Marathon Submits Brae Decom Plan
Marathon Oil has submitted to the UK Department for Business Strategy and Industrial Strategy a consultancy draft of plans to decommission its Brae Alpha, Brae Bravo, Central Brae, West Brae and Sedgwick offshore facilities.
The company said in the document that it has already extended the life of the Brae Field beyond initial projections, and that production will become sub-economical in the short-term. Under the proposed plan, Marathon will plug and abandon the Brae Alpha and Brae Bravo platform wells and the Central Brae, West Brae, and Sedgwick subsea wells according to UK Oil & Gas Guidelines.
The Brae Alpha and Brae Bravo platform topside modules, and the Brae Bravo flare bridge and flare jacket/substructure will be removed and returned to shore for reuse, recycling or disposal. The Brae Alpha and Brae Bravo jackets/substructures will be removed to the top of the jacket/substructure footings. The portions of the jacket that are removed will be returned to shore for recycling or disposal, and the Brae Alpha and Brae Bravo jacket/substructure footings will be left in place.

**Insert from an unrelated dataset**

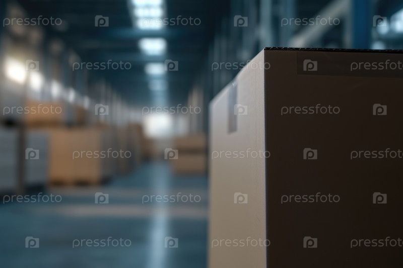 Коробки на полке на складе, крупным планом. Концепция логистики и оптовой торговли

The company in 2015 submitted a cessation of production (CoP) application for Brae Bravo, which was approved in 2016 by the Oil and Gas Authority. The CoP for Brae Bravo is expected in 2018, Marathon said. The CoPs of Brae Alpha, Central Brae, West Brae and Sedgwick will take place after the Brae Bravo CoP; CoP applications will be submitted for these facilities at the appropriate time.
All of the Brae facilities are located approximately 270km northeast of Aberdeen in approximately 110m of water. The Brae Alpha, Brae Bravo and Central Brae installations are located within UK Continental Shelf (UKCS) Block 16/7a. The West Brae subsea development is located in UKCS Blocks 16/7a, and the Sedgwick subsea installation is located entirely within UKCS Block 16/6a.
According to Marathon’s website, Brae Alpha started production in 1983, Brae Bravo in 1988 and East Brae in 1993. The Central and West Brae/Sedgwick subsea tie-backs to Brae Alpha commenced production in 1989 and 1997 respectively. The Braemar subsea tie-back to East Brae started producing in 2003.
Decommissioning activity and spending is expected to rise as the oil and gas industry addresses the growing number of aging offshore oil and gas facilities. IHS-Markit reported earlier this year that decommissioning spending will grow from $2.4 billion in 2015 to $13 billion per year by 2040, and that more than 600 projects will need to be decommissioned. Europe is expected to absorb for 50% of decommissioning spending over the next five years as operators remove major North Sea offshore structures.